Ginsberg.Kagan.Wildmon

American Family Association President Tim Wildmon, right, has said that U.S. Supreme Court Justices Ruth Bader Ginsberg, left, and Elena Kagan, right, should recuse themselves from marriage equality cases because they have officiated at same-sex marriages.


The American Family Association has called on U.S. Supreme Court Justices Ruth Bader Ginsberg and Elena Kagan to recuse themselves from the marriage equality cases the court announced last Friday (Jan. 16), that it will be hearing appeals on, likely in April. Ginsberg and Kagan should not participate in the hearing, AFA President Tim Wildmon has declared, because they have both officiated as same-sex weddings, according to reports by the UK LGBT news site Pink News.

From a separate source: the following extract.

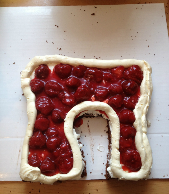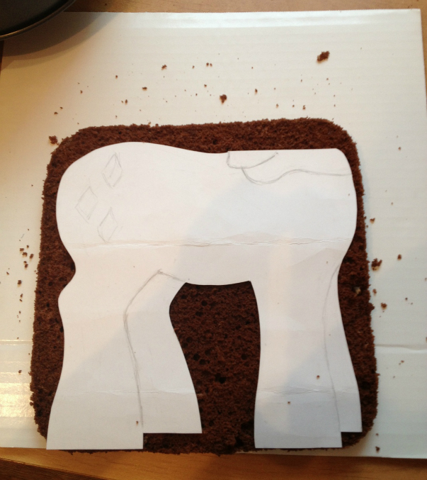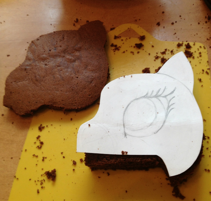 Накрываем коржом, промазываем клубничным кремом. После чего отрезаем у бумажного шаблона дальние ножки и вырезаем коржик
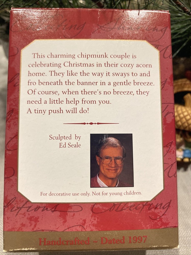 California Prop 65 Warning:NoType:OrnamentFranchise:HallmarkTime Period Manufactured:1990-1999Department:AdultUPC:0015012376937Occasion:ChristmasMaterial:PlasticShape:AcornMPN:QX6465Brand:HallmarkCharacter:ChipmunksSubject:Our First Christmas TogetherCollection:OrnamentsTheme:First Christmas TogetherYear Manufactured:1997Color:Multicolorgtin13:0015012376937Features:Artist DesignedProduction Technique:HandcraftedCountry/Region of Manufacture:ChinaNumber of Items:1Original/Licensed Reproduction:OriginalSet Includes:Ornament

SCOTUS announced Friday that the court will accept appeals on four marriage equality cases — from Kentucky, Michigan, Ohio and Tennessee. The four cases are from the 6th Circuit Court of Appeals, the only federal appellate circuit court to rule against marriage equality since June 2013, when the Supreme Court struck down that portion of the federal Defense of Marriage Act that banned the federal government from recognizing same-sex marriages performed in jurisdictions that honor marriage equality.
Last October, the Supreme Court declined to hear appeals of cases in which other federal appellate courts had ruled in favor of marriage equality. And in December the the Supreme Court declined to extend a stay on a federal trial court ruling in favor of marriage equality in Florida, a decision that allowed legal same-sex marriages to begin there on Jan. 6. (A state judge who had also ruled in favor of equality but had also stayed her ruling lifted that stay on Jan. 5, so the first legal same-sex marriages in Florida were performed that day.)

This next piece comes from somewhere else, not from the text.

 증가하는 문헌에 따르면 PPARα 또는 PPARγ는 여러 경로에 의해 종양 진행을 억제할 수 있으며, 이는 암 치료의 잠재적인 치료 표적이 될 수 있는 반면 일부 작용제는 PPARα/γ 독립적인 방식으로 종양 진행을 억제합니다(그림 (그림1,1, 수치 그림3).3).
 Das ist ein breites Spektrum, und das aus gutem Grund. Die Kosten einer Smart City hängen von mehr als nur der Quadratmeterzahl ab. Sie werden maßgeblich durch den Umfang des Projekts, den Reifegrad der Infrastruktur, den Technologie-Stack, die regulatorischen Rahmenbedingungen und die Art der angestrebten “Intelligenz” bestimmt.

Pink News notes that Ginsberg “has quietly officiated a number of same-sex weddings,” the first in 2013, while Kagan presided over the wedding ceremony of her former law-clerk and his partner last year. That, to Wildmon, indicates “Both of these justices’ personal and private actions that actively endorse gay marriage clearly indicate how they would vote on same-sex marriage cases before the Supreme Court.”
But the Pink News posts also notes that the other justices’ previous actions could be seen as indicating bias as well: “However, Mr Wildmon’s claims have no discernible legal basis; similarly arbitrary claims could be made that as seven of the nine justices are themselves married to people of the opposite sex, the entire court should be recused.”